> **WHAT YOU NEED TO DO**
Begin your copy at the line with "Animal de grande" in the records below and end it at the line with "Vi har på vores", restating each line word for word; omit the pictures.

> **SUPPLIED INFORMATION**
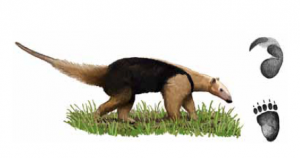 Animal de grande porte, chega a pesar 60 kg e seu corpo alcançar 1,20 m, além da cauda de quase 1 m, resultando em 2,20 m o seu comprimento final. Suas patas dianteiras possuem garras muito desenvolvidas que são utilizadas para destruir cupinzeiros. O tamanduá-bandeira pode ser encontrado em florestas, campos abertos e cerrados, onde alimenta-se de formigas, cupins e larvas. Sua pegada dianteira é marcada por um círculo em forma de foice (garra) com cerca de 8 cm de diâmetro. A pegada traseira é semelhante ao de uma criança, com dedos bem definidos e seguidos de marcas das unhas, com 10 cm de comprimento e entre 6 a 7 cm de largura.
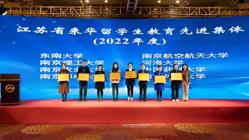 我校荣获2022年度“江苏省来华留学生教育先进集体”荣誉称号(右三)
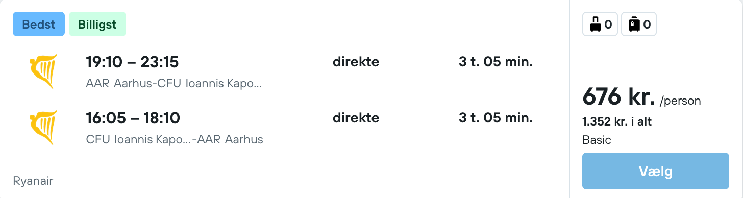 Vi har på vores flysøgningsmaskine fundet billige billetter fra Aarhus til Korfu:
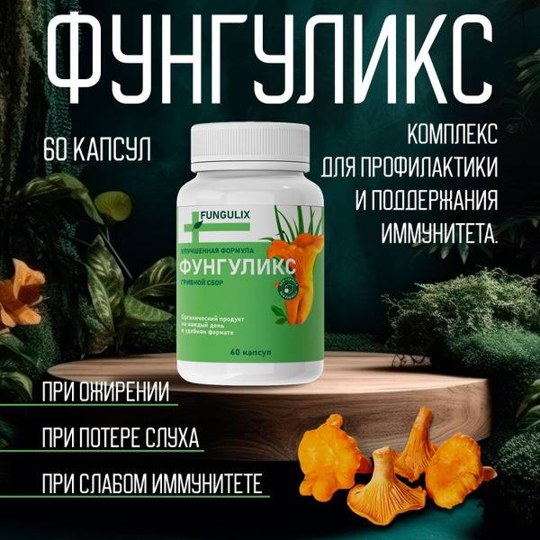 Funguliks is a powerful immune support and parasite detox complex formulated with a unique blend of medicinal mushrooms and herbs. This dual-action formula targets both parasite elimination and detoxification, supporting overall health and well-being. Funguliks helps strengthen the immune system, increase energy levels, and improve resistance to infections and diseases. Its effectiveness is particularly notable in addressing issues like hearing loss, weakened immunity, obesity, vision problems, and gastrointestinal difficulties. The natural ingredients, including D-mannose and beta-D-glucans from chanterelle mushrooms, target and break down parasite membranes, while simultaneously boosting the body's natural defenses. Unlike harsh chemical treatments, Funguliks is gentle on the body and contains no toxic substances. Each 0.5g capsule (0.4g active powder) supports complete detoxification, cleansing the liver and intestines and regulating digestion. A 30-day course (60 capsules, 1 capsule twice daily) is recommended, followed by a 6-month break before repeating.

--

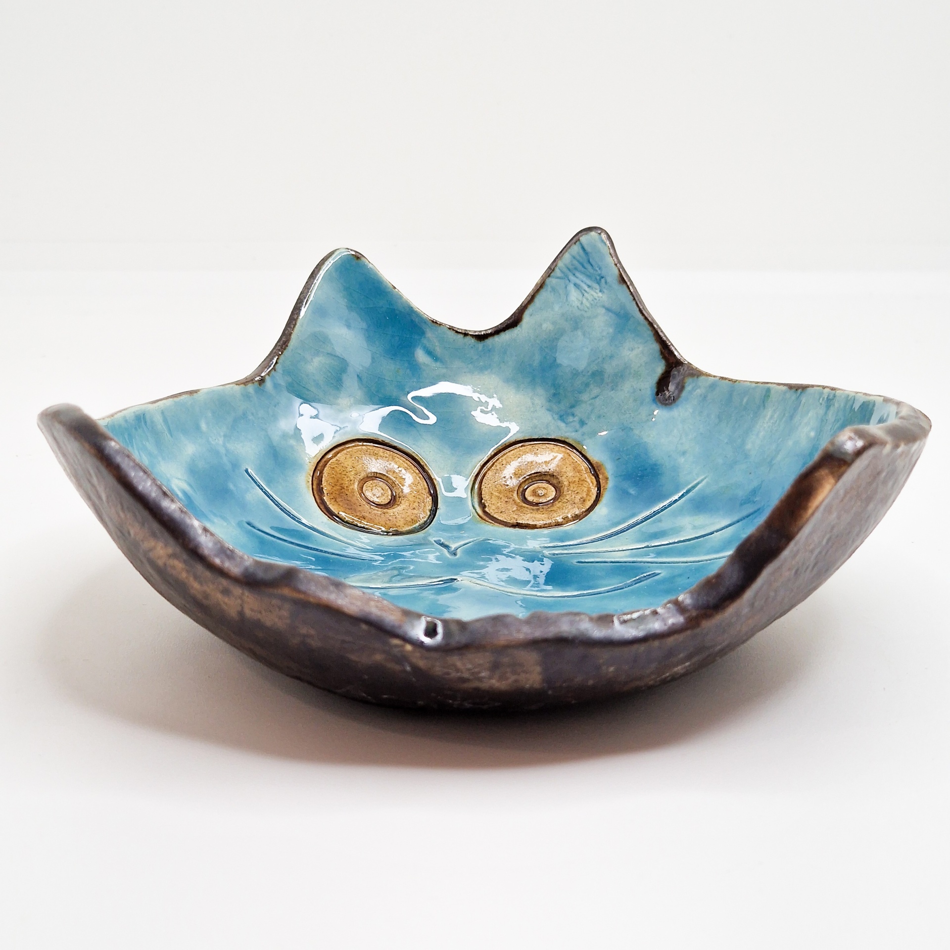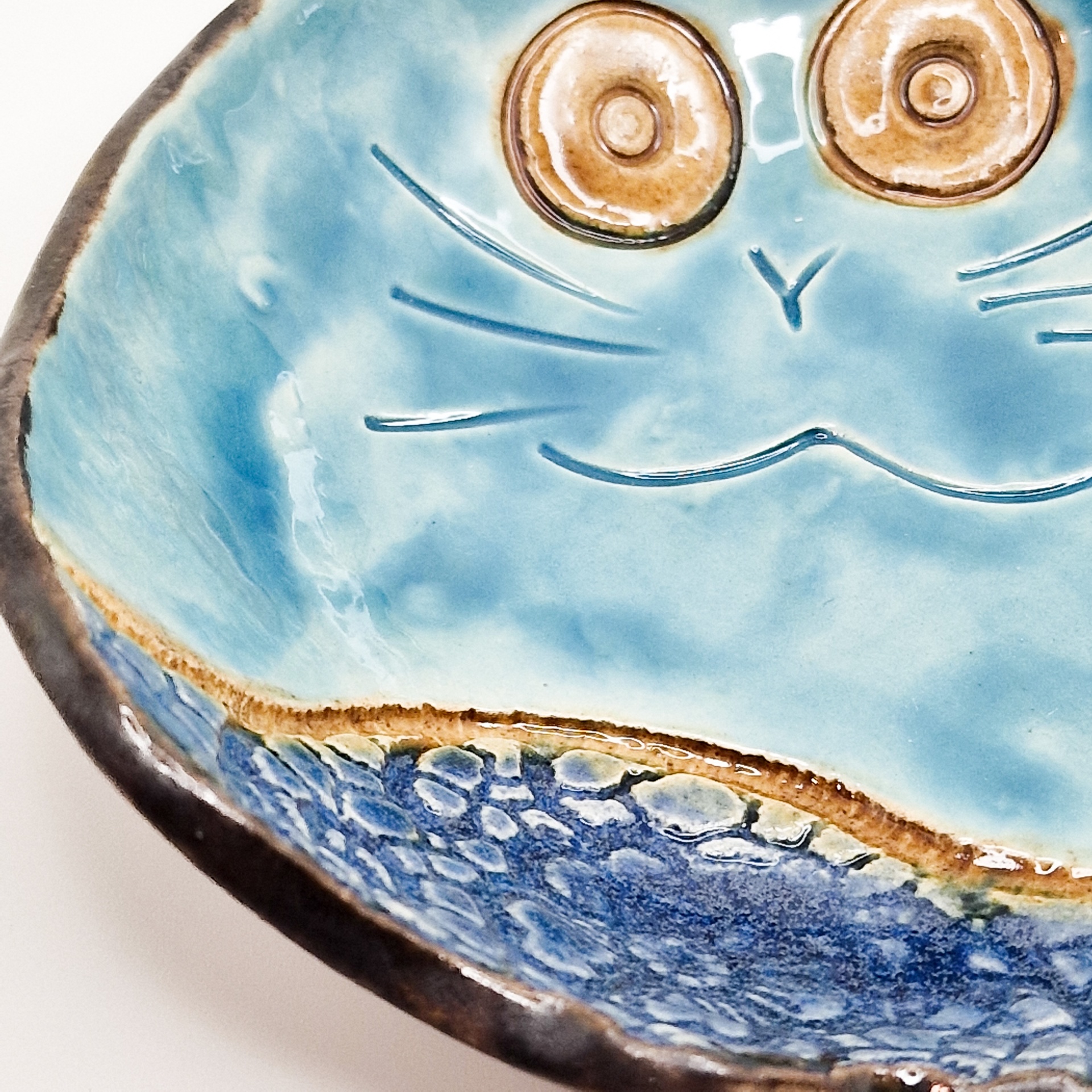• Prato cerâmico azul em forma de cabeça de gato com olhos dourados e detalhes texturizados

> **YOUR RESPONSE**
 Animal de grande porte, chega a pesar 60 kg e seu corpo alcançar 1,20 m, além da cauda de quase 1 m, resultando em 2,20 m o seu comprimento final. Suas patas dianteiras possuem garras muito desenvolvidas que são utilizadas para destruir cupinzeiros. O tamanduá-bandeira pode ser encontrado em florestas, campos abertos e cerrados, onde alimenta-se de formigas, cupins e larvas. Sua pegada dianteira é marcada por um círculo em forma de foice (garra) com cerca de 8 cm de diâmetro. A pegada traseira é semelhante ao de uma criança, com dedos bem definidos e seguidos de marcas das unhas, com 10 cm de comprimento e entre 6 a 7 cm de largura.
 我校荣获2022年度“江苏省来华留学生教育先进集体”荣誉称号(右三)
 Vi har på vores flysøgningsmaskine fundet billige billetter fra Aarhus til Korfu:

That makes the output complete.